Hightower advised a scenario where another API server is assigned the role of speaking for the cluster as a whole, for situations where multiple clusters co-exist. Such a co-existence requires standardization, lest each cluster end up speaking its own language, and we end up building barriers rather than bridges. He warned against baking the API into the server, which he said was a mistake Kubernetes made once before. That made developers have to recompile code every time.
“We should avoid that mistake with federation,” he said. “Let’s just treat federation like a special client of multiple clusters. And if we do that, we can keep it simple.”
One example of an application that requires the use of multiple clusters would be a web application that requires components to run in two cloud availability zones — perhaps each one close to its own specific user. Another may involve a single cluster whose provider’s SLA limits the maximum number of nodes to which the application may scale, forcing it to seek space on a cluster elsewhere.

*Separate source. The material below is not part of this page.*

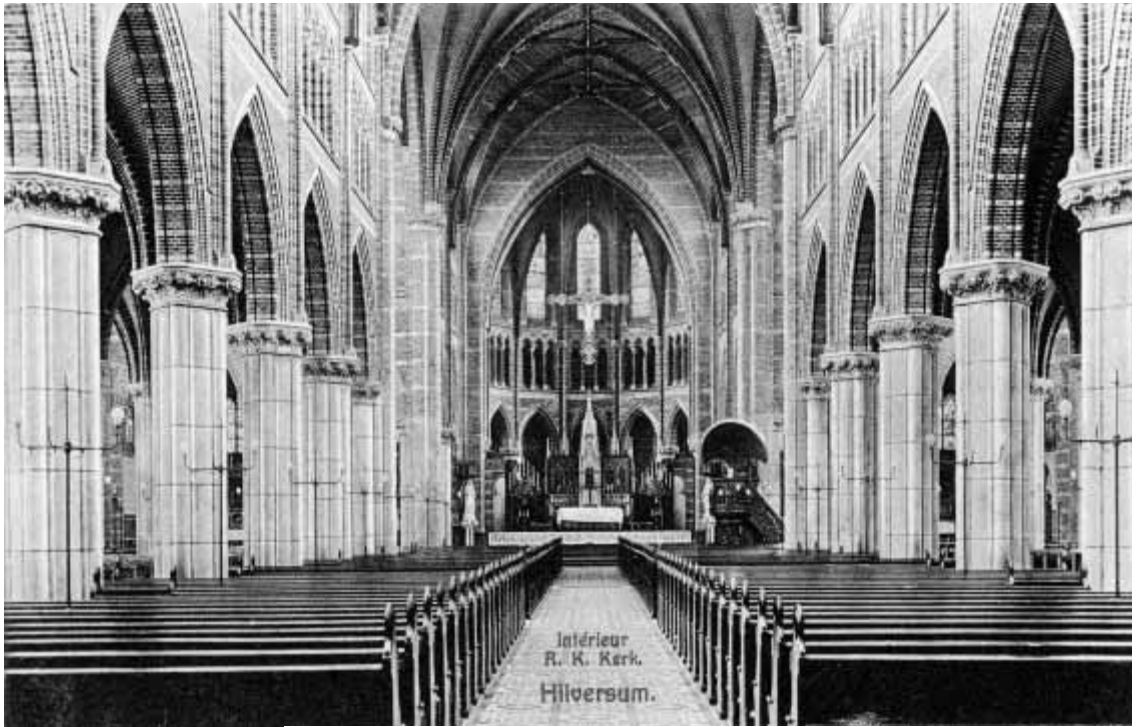
Het interieur van de St. Vitus. Dit is een vrij vroege foto. Je ziet de situatie van vóór het Tweede Vaticaanse Concilie. Daarna is het interieur ingrijpend gewijzigd, onder meer wat het altaar en de preekstoel betreft. De priester stond voortaan niet meer met zijn rug naar de gelovigen toe. Onder: vrouwenzaal 2 van de Rooms Katholieke Ziekenverpleging, RKZ. Dit beeld is verdwenen: met zijn allen open en bloot op een zaal. Ziekenhuizen is ook een thema wat je kan verzamelen.

“You’re going to have to run multiple clusters at some point,” Hightower predicted. “And we do recommend running one cluster per availability zone, versus trying to stretch your node pool across multiple availability zones.”
He did warn that the concept of joining multiple clusters into a single federation could set developers up for “a great, epic post-mortem” — the kind that certain journalists write headlines about. It could be an easy concept, but certainly not risk-free.
It could get tied up in esoterics pretty fast, however. Doing away with configuration management was easy when it appeared containers would always be stateless by design. Now, containerized applications deal with persistent volumes and stateful conditions, especially those that use etcd for their stateful stores (a project with which Kelsey Hightower has personal experience). What happens when a system needs to federate stateful applications across clusters?
He proceeded to address his own question by presenting a demo of cluster federation in action, which involved the creation of a global NGINX load balancer — essentially the node federation model, scaled up.
@kelseyhightower : federation solves the problem of multiple clusters, not of differences between clouds #kubecon
— Ben Vickers (@bvkrs) March 30, 2017
But even the demo was not a complete response to that question. There will be issues of context, and resolving discrepancies in real-time. Yet his point was that a configuration management approach — the application of scripts and monitoring tools for this task — would lead organizations in the wrong direction. And at this larger scale, the implications of such a direction might be more dire than for nodes within a single cluster.
“There’s a discussion required,” said Hightower. “What’s missing from this discussion is more people who have hands-on experience with federation. There’s a repository that can help you get started with federation, but we need more feedback before we make crazy decisions on that last call. Because it would be bad for them.”
The Cloud Native Computing Foundation is a sponsor of The New Stack.
Feature image: Kelsey Hightower speaking at KubeCon, taken by Dieter Reuter, a senior consultant with Germany-based DevOps firm Bee42.